感想置き場

BLとアサシンクリードが好き

クレア・ノース『ハリー・オーガスト、15回目の人生 』感想

 実はこれを読むのは2回目なのだけど、1回目は世界設定やら人物名やら時系列やらを追うのに必死だったうえにラスト付近の怒涛の展開に打ちのめされて放心するばかりだったので、今回すべての前提を理解したうえでもう1度読んだことでようやくしっかりとこの物語について理解できたような気がする。
 「もし死んだときが人生の終わりではなく、完全な記憶を保ったまま同じ人生をやり直すことができたらどうするか?」という命題は、様々な人々が思い描いたことのある夢かと思われるけど、この話ではそんな特殊能力を有する者(作中用語ではカーラチャクラ、またはウロボラン)が少なくとも紀元前3000年前後から組織立って存在していたという点が面白い。「死んだときの知識をそっくりそのままもった状態で生まれた年に帰ることができる」という特性を生かして、そのとき最も若い者が最も年老いたものに伝言を伝えることで、「未来から過去へ」メッセージを届けることができるという発想には唸らされた。
 ただ少し理解できなかったのは、何をもって「世界が終わった」と認定しているのかという点。それを決めているのが神でも大いなる意思でも何でもいいのだが、「早すぎた技術革新が引き起こした核戦争による環境汚染が世界の終焉を速めた」というところまではわかるとして、「すべて」が終わったとされて巻き戻る瞬間とはいつになるのか?何にせよ観測者がいなくなれば世界がその後どうなったかは知りようがないので、人間の認識が及ぶ範囲としては当然「最後の人間が死に絶えた瞬間」か「最後のカーラチャクラが死に絶えた瞬間」になるのではないかと一応私は仮定した。しかしこの話にとって最も重要なのは「世界が終わる」という事実とそれを「どうやって阻止するか」ということなので、そういった細かいことに頭を悩ませるよりもどんどん読み進めた方が利口だったなと今となっては思う。
 そんなややこしい設定を理解する大変さに加えて、主人公ハリー・オーガストによって語られる時系列が頻繁に飛んだり戻ったり唐突な回想が挟まれたりするために「いったい今は何回目の人生なんだ?」とページを戻って確認する大変さもあったので、1度目は読むのにものすごく時間がかかった。それでも投げ出さずに楽しく読み続けられたのは、やはり生まれ変わるたびにハリーの人生が大きく様変わりし、「次はどんな波乱に巻き込まれたり自らそこに飛び込んだりするんだろう!」とわくわくさせてくれる展開が常に待っていたからだと思う。ハリーは土地の管理人、大学教授、研究者、兵士、医師、僧侶、巨大犯罪組織のボスなどの実に多岐にわたる職業に就くが、彼がカーラチャクラの中でも更に特異なネモニック(一度覚えた知識を絶対に忘れない者)であるという点を考慮してもなお、その適応力の高さや忍耐力、ここぞというときの閃きには驚かされた。いくら何百年も生きているといっても、どんな国でもどんな職業でもそれなりにハッタリが効くというのはとてつもない才能な気がする。死を恐れないカーラチャクラが最も恐れるのが「精神の死」であることから、どれほどの歳月を生きようともその重みに耐えられる強靭な精神がなければ意味はないんだろうなと思った。

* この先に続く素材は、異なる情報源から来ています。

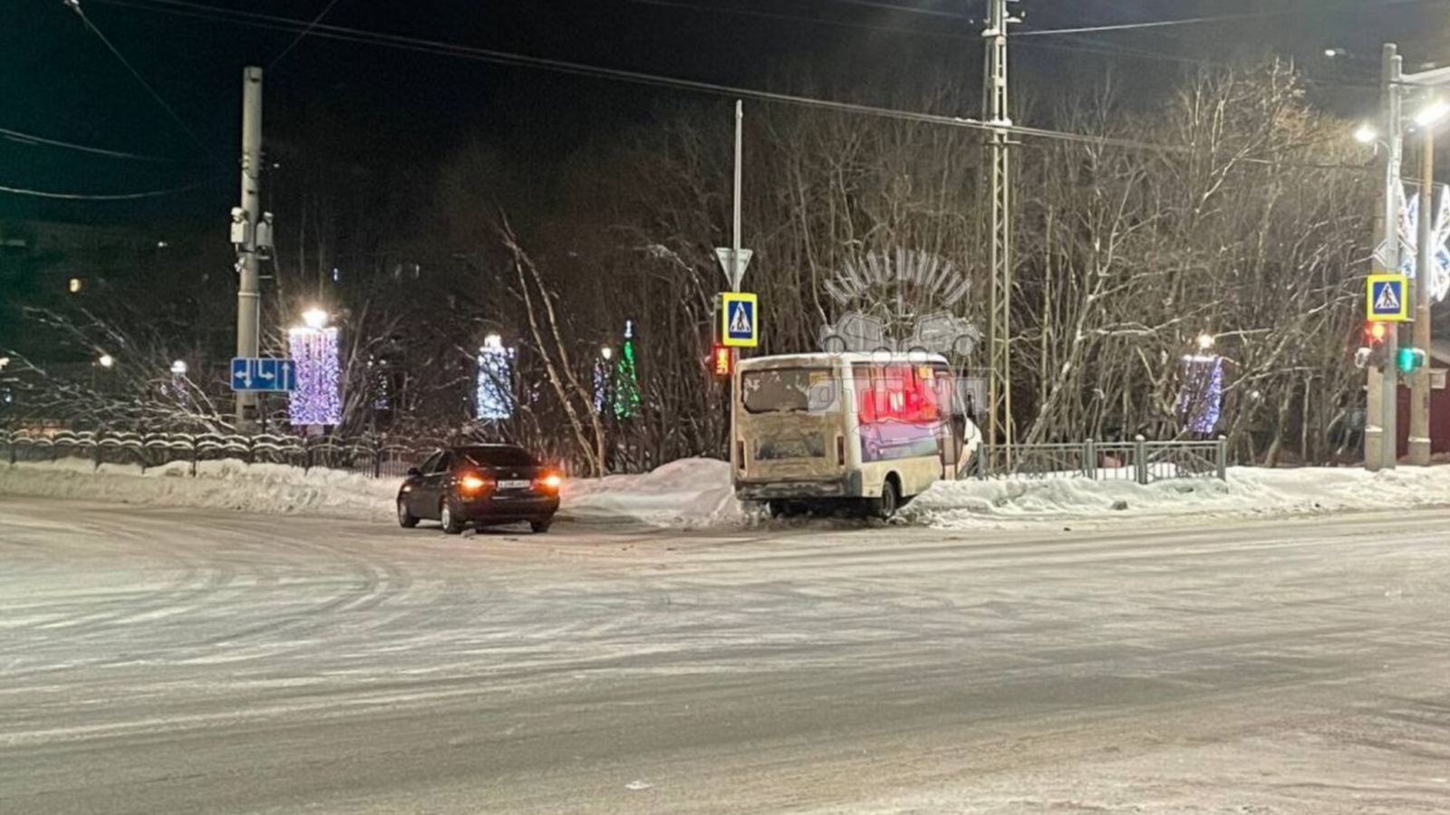 В Мурманске на пересечении проспекта Героев-североморцев и улицы Хлобыстова произошла авария с участием легковушки и маршрутки. Об этом рассказали очевидцы.

 ここからはこの物語最大の面白さと私が認識している、ヴィンセント・ランキスとハリーの関係について述べる。
 私がこの本を読み終えて強く感じたのは、「愛と憎しみと殺意は全く矛盾せずに同時に存在することができるのだな」ということ。ヴィンセントとハリーの関係はとても一言で表せるようなものではない。お互いがお互いの1番大切な存在になれたらよかったと心から願っているのに、それが決して果たされないこともまた心から理解している。2人はとてもよく似ていて、相手を愛している気持ちを失わないまま、目的のためにその相手を殺すことができる人たちだ。己の行為に心が引き裂かれそうになりながらでも、どんなに涙を流しながらでも彼らにはそれができる。そういう点ではやはり2人は世界で1番の「同類」だったと思う。
 2人の関係について語るために避けて通れないのが「量子ミラー」なのだが、「量子ミラー」がいったいどんなものなのかは正直に言って私にはよくわからなかった。宇宙が量子によって作られているのだから、逆に量子から宇宙の「すべて」を知ることができる、という理論のところまではおぼろげにわかったのだがそれ以上は無理だった。仮に事細かに説明されても絶対理解できないだろう。
 とにかくヴィンセントは宇宙のすべてを知る者、つまり神になりたかった。ハリーもその崇高な目的に一度は強烈に惹かれたことは事実。ヴィンセントとハリーを分かつものは、「自分が神の目を手に入れるためには他のどんな犠牲を払っても構わない」と思っていたかどうか、この一点のみだった。カーラチャクラは人生を何度もやり直せるとはいえ、「やり直し」ゆえに自分の生きた時代より過去や未来へは行けないので、たとえ地球環境を犠牲にしてでも技術を限界まで早送りしないと「ヴィンセント自身」が量子ミラーに辿り着くことはできないようだ。ハリーはそのために犠牲になる無数の人たちの人生のためにそれを阻止したわけだが、「永遠に同じことを繰り返すだけの世界で"生きる"などということが、"神"の前でいったいどれほどの意味があるというのか?」というヴィンセントの問いには私ですら少し「た、確かに……」と思わされてしまった。普通の人(作中用語ではリニア)である私ですら揺らぐのだから、繰り返す世界の虚しさを知るハリーならより実感をもって量子ミラーの魅力を理解できたのではないか。それでもハリーは「人としての営み」を捨てるべきではない、と決めてヴィンセントに勝利した。逆にヴィンセントは、天才であるがゆえに「ただの人としての営み」を続けることに我慢ができなかったのではないかと思う。
 結局のところ、お互いの正体をまったく知らないままでひたすら宇宙について白熱した議論を交わせていた頃の幸せな日々を2人は忘れることができなかったのだろう。自分と同レベルの頭脳をもち、性格的にもウマが合う人間とする討論は、お互いにとって至上の喜びだったに違いない。決定的な決別をするまで、その関係は非常にうまく行っていたのだが前述の通り、ハリーは神よりも人であることを選んだ。しかしヴィンセントは、ハリーが心の奥底に本心を隠して上辺だけの誓いをした瞬間に全て悟っていたというのがまたニクい。ハリーが嘘をついたことも、直後に取るであろう行動もすべてヴィンセントにはわかっていた。それほどまでに2人をつなぐ絆は、良い意味でも悪い意味でも取り返しのつかないほど深く結ばれていたということだろう。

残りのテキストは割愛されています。